### AIM OF THE TASK
Since only the words are wanted, reproduce every entry exactly and leave the images behind.

### SUPPLIED MATERIAL
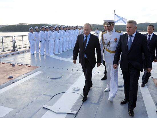 September 6, 2017. Russian President Vladimir Putin and Khabarovsk Territory Governor Vyacheslav Shport, left, inspect corvette Sovershenny of project 20380 moored at Ayaks Bay near Russky Island.06.09.2017#3186452
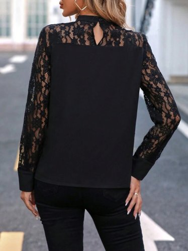 • Kadın uzun kollu yarı balıkçı yaka dantelli sandy bluz
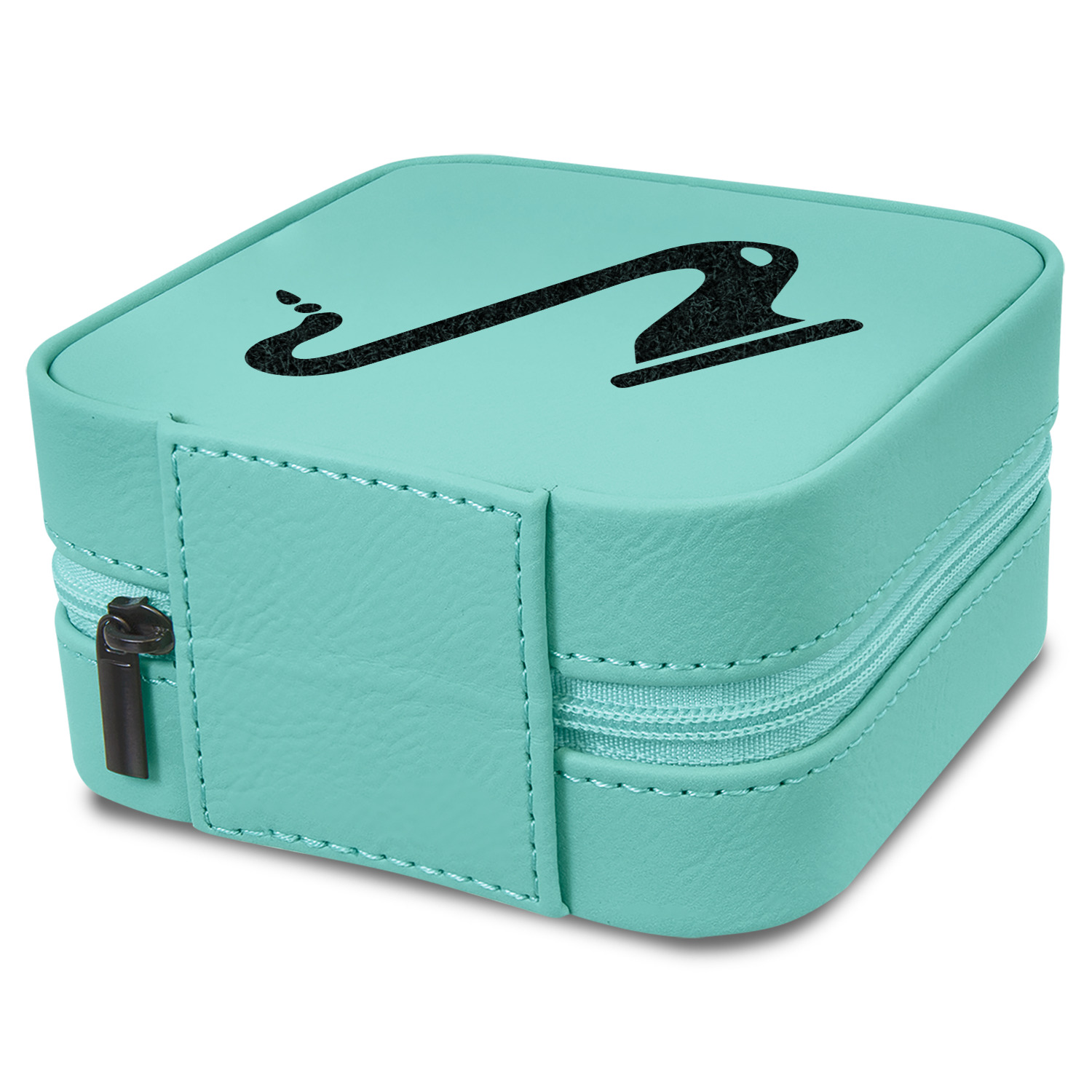 This square zippered travel jewelry box is made from leatherette and is available in four colors - classic cognac / rawhide, a beautiful teal. navy blue or pink. The tan colored soft velvet inside has compartments and hooks for all your jewelry - rings, chains, earrings, bangles etc.
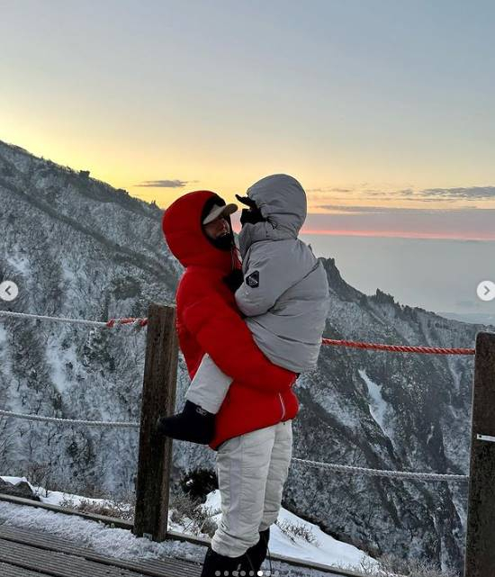 사진 속에는 이시영이 아들 정윤 군을 등에 업고 한라산을 등반한 모습이 담겨 있었다. 이시영은 한라산의 설산을 힘겹게 오르면서도 뿌듯해하는 미소를 짓고 있었다.
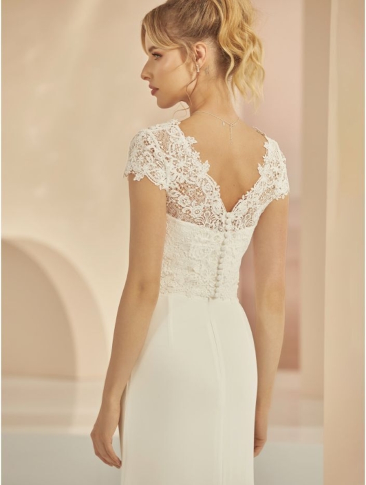 spannende Highlights. Ein Brautkleid-Zweiteiler aus Satin und Spitze vereint Romantik, Modernität
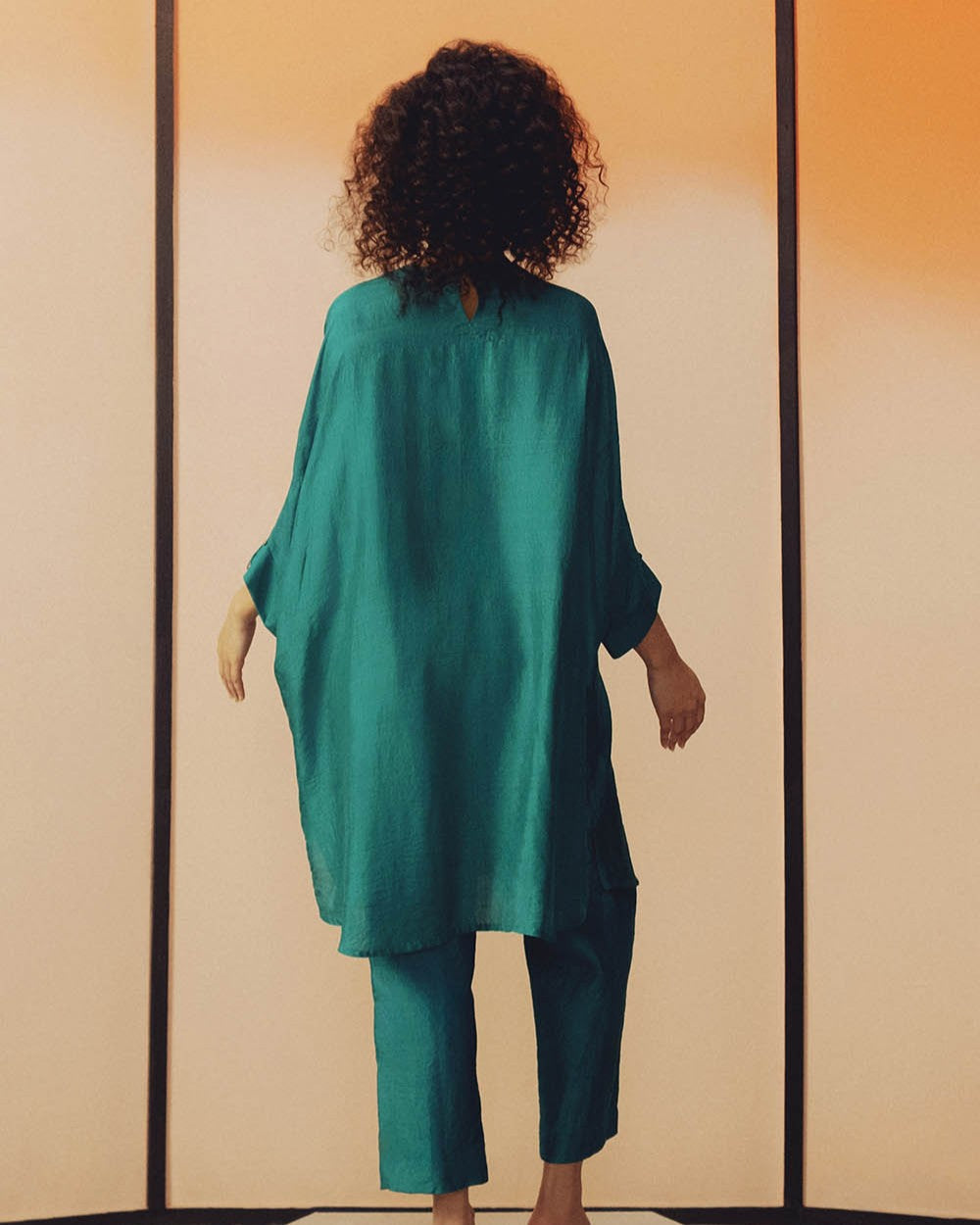 This handwoven mulberry silk tunic set features hand-embroidered pearl detailing on the tunic. Designed in classic relaxed-fit silhouette with a free-size tunic, it is paired with narrow, ankle-length pants featuring an elastic waistband and pockets on both  sides.

### ANSWER TO THE EXERCISE
 September 6, 2017. Russian President Vladimir Putin and Khabarovsk Territory Governor Vyacheslav Shport, left, inspect corvette Sovershenny of project 20380 moored at Ayaks Bay near Russky Island.06.09.2017#3186452
 • Kadın uzun kollu yarı balıkçı yaka dantelli sandy bluz
 This square zippered travel jewelry box is made from leatherette and is available in four colors - classic cognac / rawhide, a beautiful teal. navy blue or pink. The tan colored soft velvet inside has compartments and hooks for all your jewelry - rings, chains, earrings, bangles etc.
 사진 속에는 이시영이 아들 정윤 군을 등에 업고 한라산을 등반한 모습이 담겨 있었다. 이시영은 한라산의 설산을 힘겹게 오르면서도 뿌듯해하는 미소를 짓고 있었다.
 spannende Highlights. Ein Brautkleid-Zweiteiler aus Satin und Spitze vereint Romantik, Modernität
 This handwoven mulberry silk tunic set features hand-embroidered pearl detailing on the tunic. Designed in classic relaxed-fit silhouette with a free-size tunic, it is paired with narrow, ankle-length pants featuring an elastic waistband and pockets on both  sides.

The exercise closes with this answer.